Но в то утро ни одной из этих деловых женщин не удалось заловить в свои сети «Джульетту»: страх Давида был почему-то сильнее обычного. С тяжелым сердцем он доехал до центра, миновал форум Бонапарта, улицы Данте, Орефичи, промчался по Соборной площади, проспекту Витторио и площади Сан-Бабила, свернул на проспект Порта-Венеция; у него не было на утро никаких планов, кроме тех, что уже потерпели провал. Он выехал на площадь Кавур и решил зайти в бар «Алеманья» на улице Мандзони в надежде, что, удовлетворив один голод, позабудет про другой.

На улице Джардини он сразу нашел удобное место для стоянки: в августовскую жару большинство жителей считает город непригодным для обитания (непонятно только, чем лучше туманы, смог и слякоть). Вот и в «Алеманье» стойка длиной в несколько десятков метров, заваленная бутербродами с яйцом, икрой и семгой (а также две другие, с тортами и мороженым, по размерам же напоминающие Версаль или Тюильри), была почти целиком в его распоряжении, если не считать еще одного посетителя, который, как и он, плавился в свежем, едва ли не горном воздухе кондиционера, однако же совершенно неспособного справиться с духотой.

Давид съел три внушительных бутерброда и выпил пива, стараясь по возможности не смотреть на официанток и кассирш (он вообще привык задерживать взгляд только на неодушевленных предметах, да и то ему становилось не по себе, когда он видел фарфоровых, точно живых, кукол или плюшевых мопсов), но на одну все-таки невольно загляделся. У нее была такая высокая старомодная прическа, похожая на торт с кремом или гору засахаренного миндаля, и эти взбитые волосы вновь пробудили в нем желание вернуться на бульвар и уж в этот раз остановить машину. Желание, оставшееся неосуществленным: таинственные сдерживающие центры не дали тому внутреннему огню разгореться, и Давид обратил свой взор к более одухотворенному занятию – гонке во Флоренцию и обратно по автостраде Солнца; он попытается улучшить рекорд, который поставил в прошлом месяце, когда покрыл это расстояние за смехотворно короткое время. Во Флоренции пообедает, а к аперитиву вернется в Милан. Идея показалась ему заманчивой, и он быстро вышел из бара.
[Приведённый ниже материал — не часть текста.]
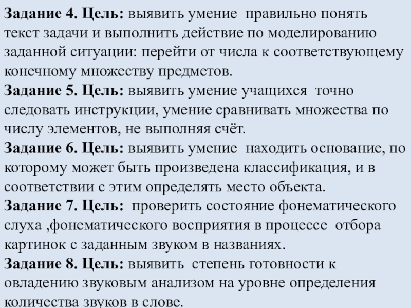 Слайд 15Задание 4. Цель: выявить умение правильно понять текст задачи и выполнить

Его «Джульетта» стояла в полном одиночестве метрах в двадцати от автобусной остановки. Он заплатил за стоянку служителю в форменной фуражке, лишь на миг вынырнувшему из тени деревьев, и уже садился в машину, когда услышал голос:

– Извините меня.

Давид обернулся. Девушка в голубом костюме и больших, совершенно круглых темных очках улыбалась ему, но какая-то тревога была спрятана в уголках рта, который вместе с маленьким носиком составлял единственную неприкрытую часть лица: всего остального не было видно за очками и прядями каштановых волос, похожих на чуть-чуть раздвинутые шторки.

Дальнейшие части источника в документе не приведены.